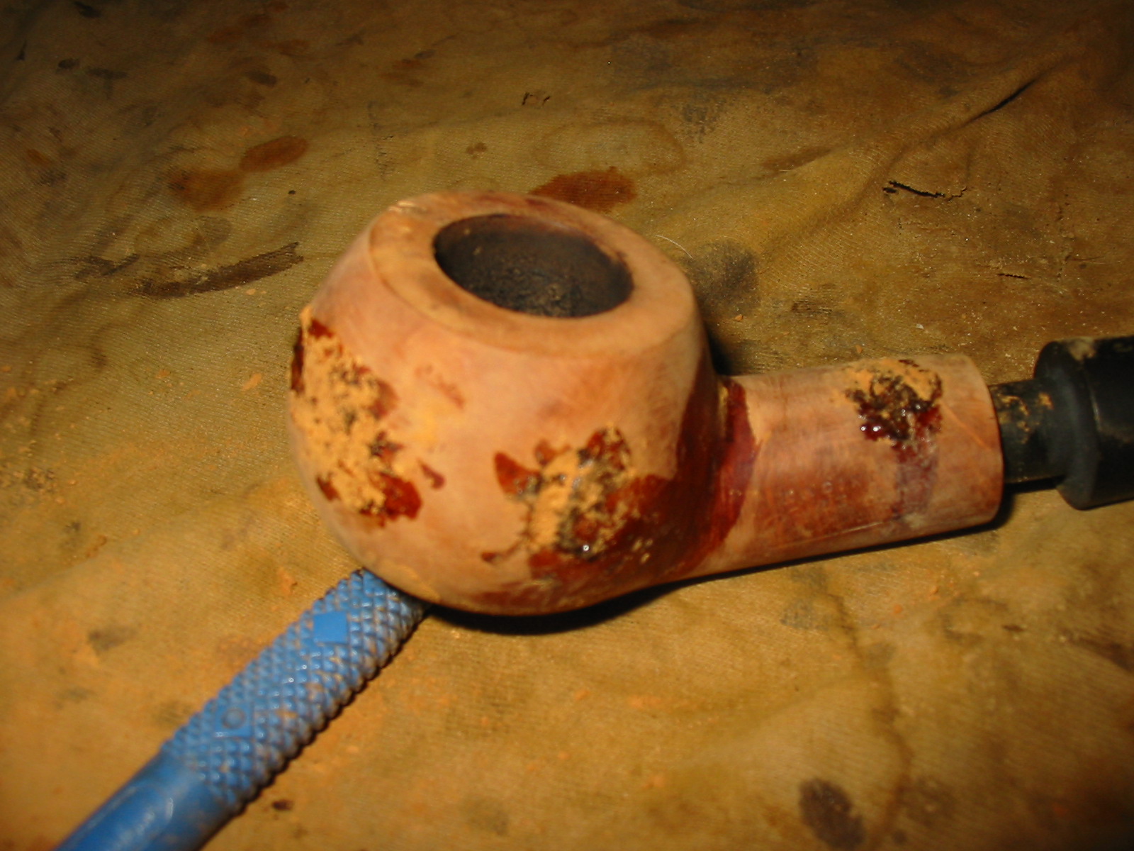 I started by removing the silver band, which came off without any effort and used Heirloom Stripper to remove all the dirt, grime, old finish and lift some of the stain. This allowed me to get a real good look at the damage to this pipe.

☆ ☆ ☆ ☆

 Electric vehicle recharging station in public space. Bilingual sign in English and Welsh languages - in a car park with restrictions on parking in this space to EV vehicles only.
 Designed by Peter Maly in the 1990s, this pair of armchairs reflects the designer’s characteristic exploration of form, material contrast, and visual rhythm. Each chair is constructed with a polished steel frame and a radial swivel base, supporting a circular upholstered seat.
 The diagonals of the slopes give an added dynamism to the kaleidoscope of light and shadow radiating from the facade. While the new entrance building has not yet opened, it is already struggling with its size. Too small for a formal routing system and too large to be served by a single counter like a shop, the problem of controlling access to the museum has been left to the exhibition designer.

☆ ☆ ☆ ☆

Go through the listing and copy each line that includes the string "designer".

 Designed by Peter Maly in the 1990s, this pair of armchairs reflects the designer’s characteristic exploration of form, material contrast, and visual rhythm. Each chair is constructed with a polished steel frame and a radial swivel base, supporting a circular upholstered seat.
 The diagonals of the slopes give an added dynamism to the kaleidoscope of light and shadow radiating from the facade. While the new entrance building has not yet opened, it is already struggling with its size. Too small for a formal routing system and too large to be served by a single counter like a shop, the problem of controlling access to the museum has been left to the exhibition designer.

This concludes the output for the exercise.